• Exercise data:
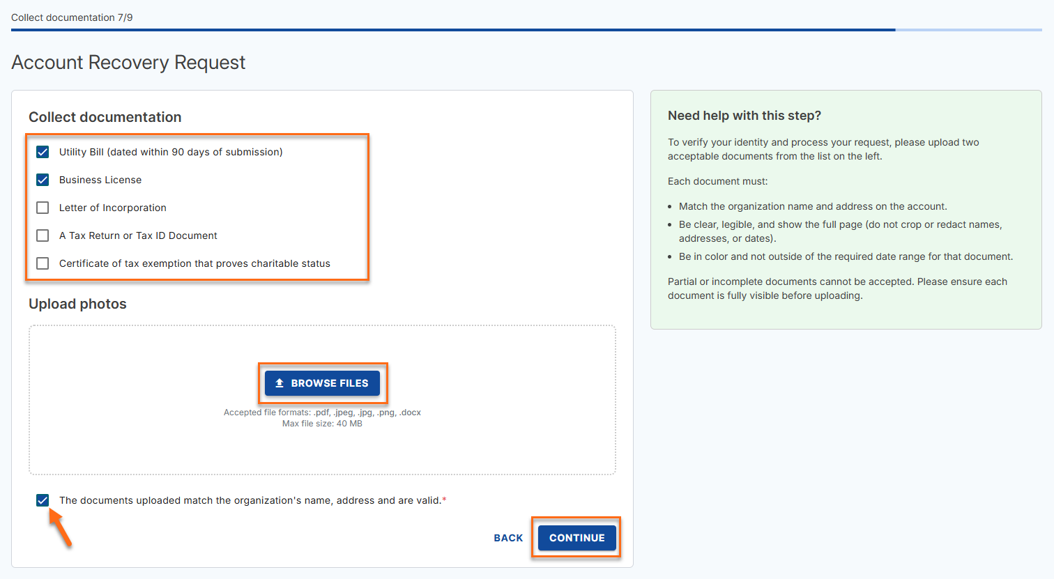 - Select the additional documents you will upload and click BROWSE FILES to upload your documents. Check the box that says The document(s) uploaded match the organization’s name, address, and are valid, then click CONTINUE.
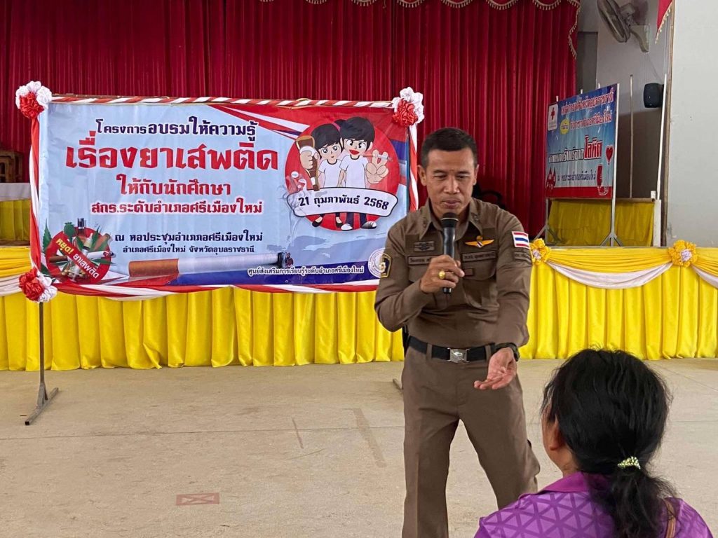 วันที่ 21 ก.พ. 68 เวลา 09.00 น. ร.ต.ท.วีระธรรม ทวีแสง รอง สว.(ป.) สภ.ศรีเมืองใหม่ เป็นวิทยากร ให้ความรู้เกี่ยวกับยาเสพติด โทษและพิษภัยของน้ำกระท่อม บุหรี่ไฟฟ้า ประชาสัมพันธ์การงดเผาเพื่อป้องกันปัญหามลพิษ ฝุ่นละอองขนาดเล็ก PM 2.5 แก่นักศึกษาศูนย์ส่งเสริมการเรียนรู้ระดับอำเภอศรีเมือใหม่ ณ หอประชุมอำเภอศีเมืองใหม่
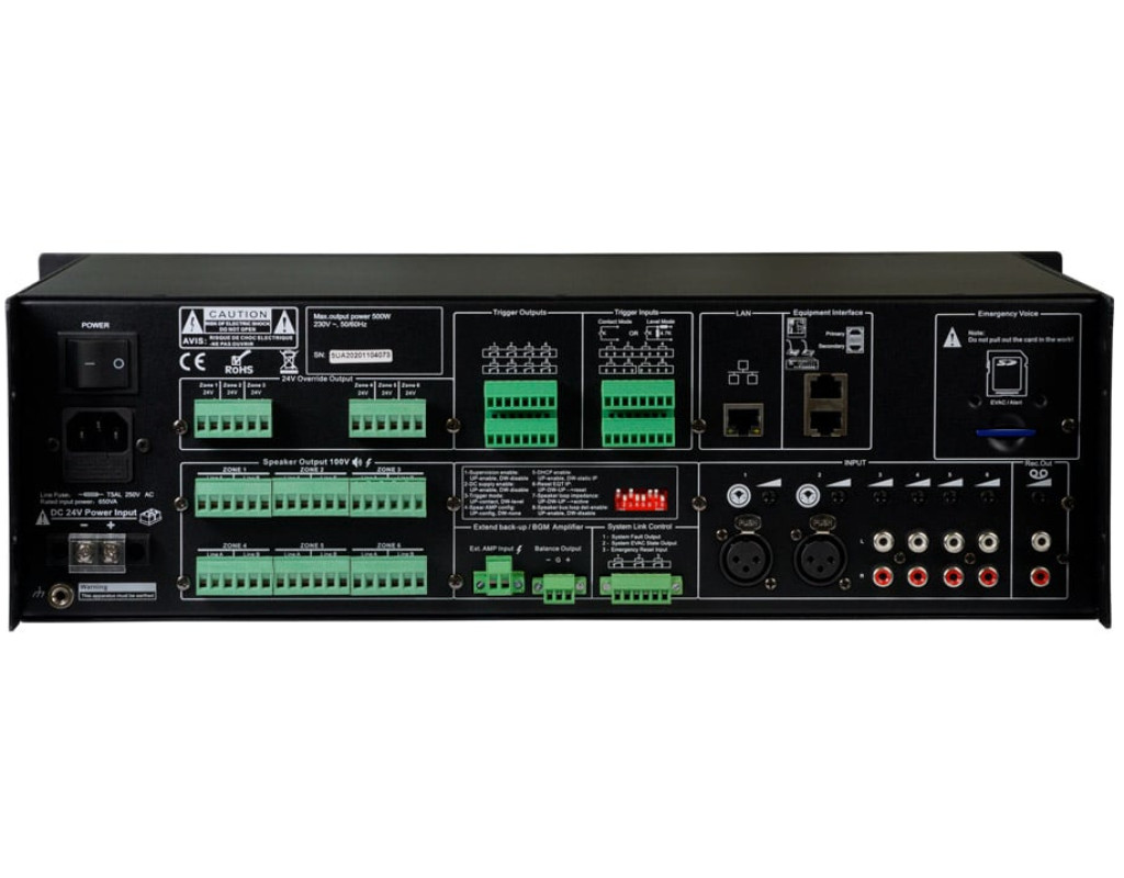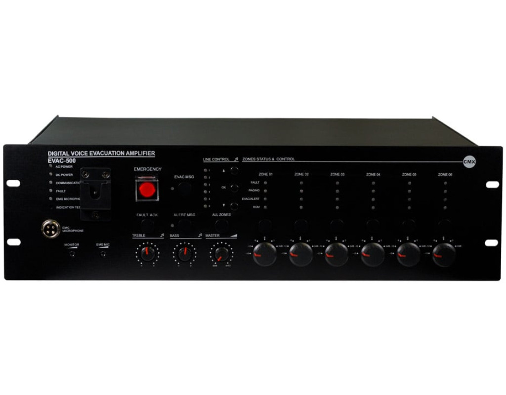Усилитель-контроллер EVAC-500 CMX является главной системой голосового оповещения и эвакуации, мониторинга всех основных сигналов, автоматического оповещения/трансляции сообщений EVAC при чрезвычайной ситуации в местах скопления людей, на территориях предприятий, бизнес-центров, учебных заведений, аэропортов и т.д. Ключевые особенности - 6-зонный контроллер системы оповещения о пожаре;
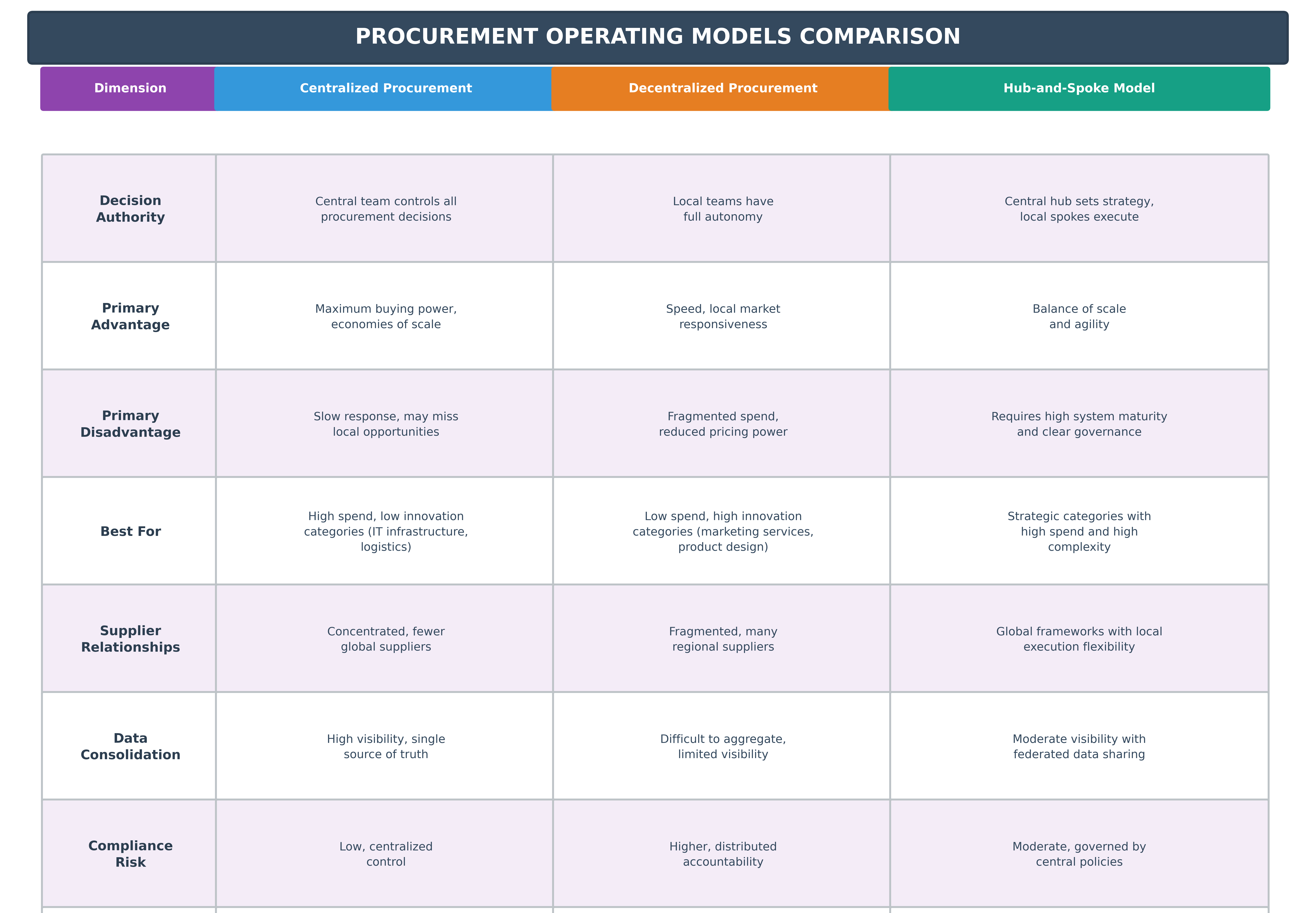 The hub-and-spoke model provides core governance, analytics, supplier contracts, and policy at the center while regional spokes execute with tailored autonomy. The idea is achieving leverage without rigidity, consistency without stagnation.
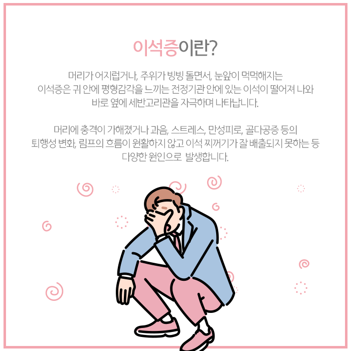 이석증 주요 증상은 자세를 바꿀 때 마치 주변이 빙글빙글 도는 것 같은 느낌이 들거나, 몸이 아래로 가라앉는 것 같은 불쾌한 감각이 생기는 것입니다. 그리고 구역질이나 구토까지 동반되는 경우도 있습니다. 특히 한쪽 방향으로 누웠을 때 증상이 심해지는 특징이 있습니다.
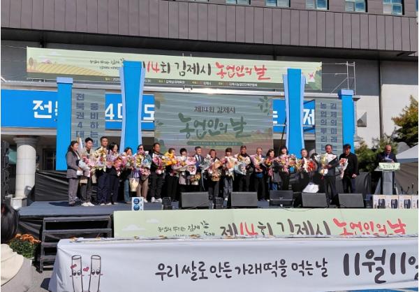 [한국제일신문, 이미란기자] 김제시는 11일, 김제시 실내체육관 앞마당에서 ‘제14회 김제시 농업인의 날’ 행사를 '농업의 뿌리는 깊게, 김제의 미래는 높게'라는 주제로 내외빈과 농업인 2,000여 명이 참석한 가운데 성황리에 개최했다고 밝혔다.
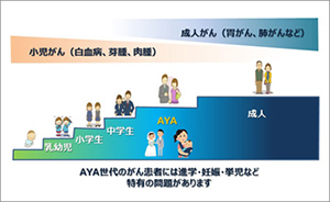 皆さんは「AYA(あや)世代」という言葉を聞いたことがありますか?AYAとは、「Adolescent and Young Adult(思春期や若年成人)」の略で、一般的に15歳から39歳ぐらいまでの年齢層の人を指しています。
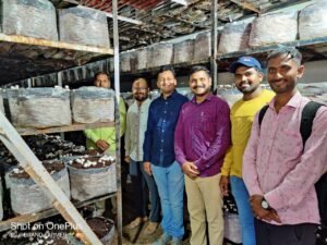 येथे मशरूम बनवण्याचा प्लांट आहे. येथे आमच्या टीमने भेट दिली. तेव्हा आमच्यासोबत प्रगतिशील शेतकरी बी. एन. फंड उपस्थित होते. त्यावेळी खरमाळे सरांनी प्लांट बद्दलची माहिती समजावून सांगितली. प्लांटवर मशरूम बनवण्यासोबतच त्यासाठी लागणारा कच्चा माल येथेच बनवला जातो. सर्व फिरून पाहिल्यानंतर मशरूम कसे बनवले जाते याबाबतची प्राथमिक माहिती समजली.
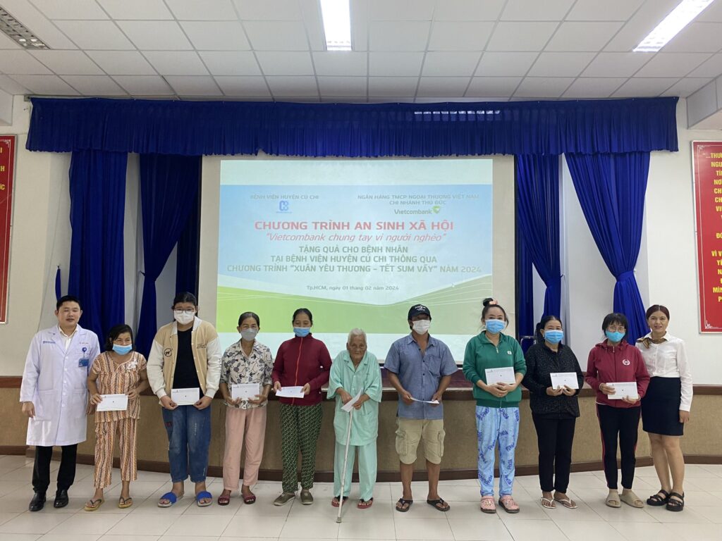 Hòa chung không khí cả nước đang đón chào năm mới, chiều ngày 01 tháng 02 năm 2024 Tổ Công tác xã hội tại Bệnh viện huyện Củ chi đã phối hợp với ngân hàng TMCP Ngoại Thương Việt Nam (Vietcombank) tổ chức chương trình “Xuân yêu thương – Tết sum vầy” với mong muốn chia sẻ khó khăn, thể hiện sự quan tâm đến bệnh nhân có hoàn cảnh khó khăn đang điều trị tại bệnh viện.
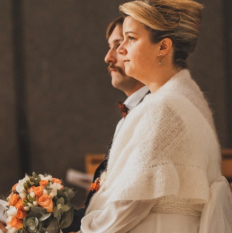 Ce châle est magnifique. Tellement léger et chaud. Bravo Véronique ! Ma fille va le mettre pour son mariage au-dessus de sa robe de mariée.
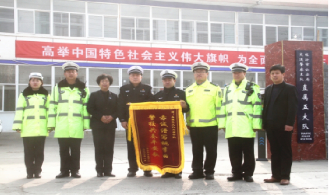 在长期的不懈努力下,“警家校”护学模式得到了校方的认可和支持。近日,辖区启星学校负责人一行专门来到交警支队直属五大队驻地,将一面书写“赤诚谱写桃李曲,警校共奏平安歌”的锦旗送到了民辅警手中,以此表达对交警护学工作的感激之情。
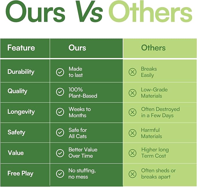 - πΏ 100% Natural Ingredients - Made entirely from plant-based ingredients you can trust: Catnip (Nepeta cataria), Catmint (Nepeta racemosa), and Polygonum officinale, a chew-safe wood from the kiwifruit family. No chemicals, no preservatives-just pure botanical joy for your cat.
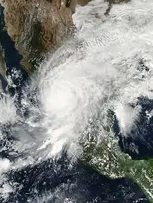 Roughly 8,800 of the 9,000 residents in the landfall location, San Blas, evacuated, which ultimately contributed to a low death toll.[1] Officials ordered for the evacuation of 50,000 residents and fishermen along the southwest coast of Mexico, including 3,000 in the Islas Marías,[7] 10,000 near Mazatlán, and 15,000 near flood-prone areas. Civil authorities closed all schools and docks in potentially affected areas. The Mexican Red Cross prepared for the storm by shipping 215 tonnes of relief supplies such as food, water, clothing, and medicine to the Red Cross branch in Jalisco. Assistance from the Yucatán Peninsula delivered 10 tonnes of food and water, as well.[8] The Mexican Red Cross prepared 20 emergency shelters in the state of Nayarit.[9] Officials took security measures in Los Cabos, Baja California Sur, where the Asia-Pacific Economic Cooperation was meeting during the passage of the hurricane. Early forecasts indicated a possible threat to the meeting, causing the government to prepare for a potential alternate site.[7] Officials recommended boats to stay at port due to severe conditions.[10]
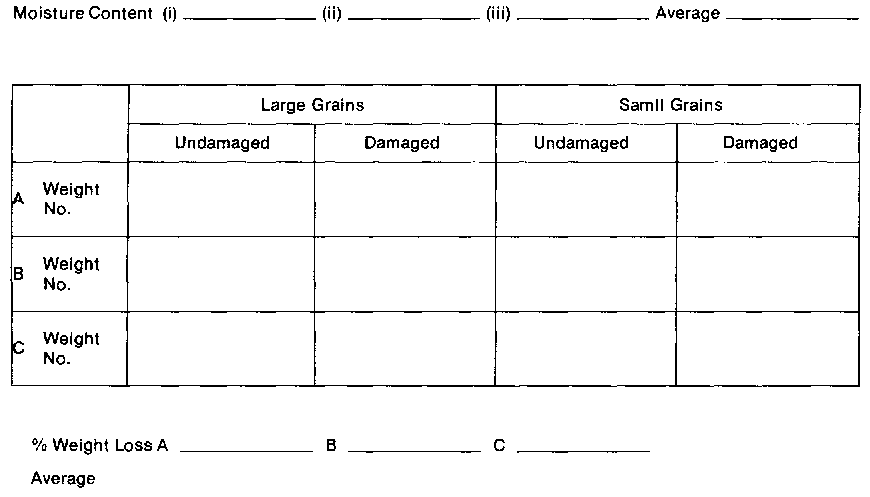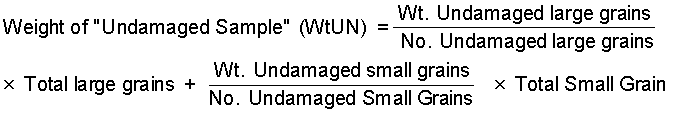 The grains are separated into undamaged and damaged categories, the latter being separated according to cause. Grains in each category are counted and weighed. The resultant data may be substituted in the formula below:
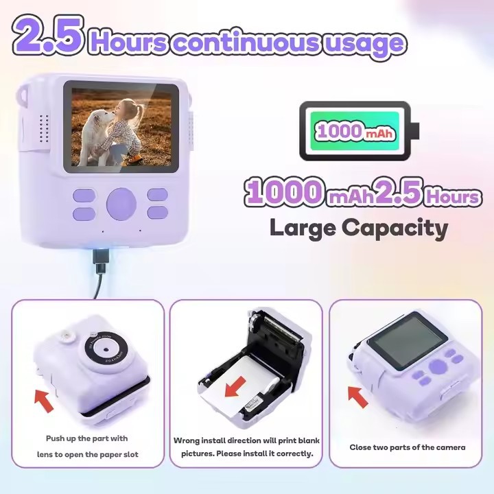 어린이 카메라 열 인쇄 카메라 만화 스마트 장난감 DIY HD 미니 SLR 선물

• What is needed: I would like the exact lines from the data above, starting with the one that holds "येथे मशरूम बनवण्याचा" and going on through the one that holds "Hòa chung không", without the pictures.

• Problem solution:
 येथे मशरूम बनवण्याचा प्लांट आहे. येथे आमच्या टीमने भेट दिली. तेव्हा आमच्यासोबत प्रगतिशील शेतकरी बी. एन. फंड उपस्थित होते. त्यावेळी खरमाळे सरांनी प्लांट बद्दलची माहिती समजावून सांगितली. प्लांटवर मशरूम बनवण्यासोबतच त्यासाठी लागणारा कच्चा माल येथेच बनवला जातो. सर्व फिरून पाहिल्यानंतर मशरूम कसे बनवले जाते याबाबतची प्राथमिक माहिती समजली.
 Hòa chung không khí cả nước đang đón chào năm mới, chiều ngày 01 tháng 02 năm 2024 Tổ Công tác xã hội tại Bệnh viện huyện Củ chi đã phối hợp với ngân hàng TMCP Ngoại Thương Việt Nam (Vietcombank) tổ chức chương trình “Xuân yêu thương – Tết sum vầy” với mong muốn chia sẻ khó khăn, thể hiện sự quan tâm đến bệnh nhân có hoàn cảnh khó khăn đang điều trị tại bệnh viện.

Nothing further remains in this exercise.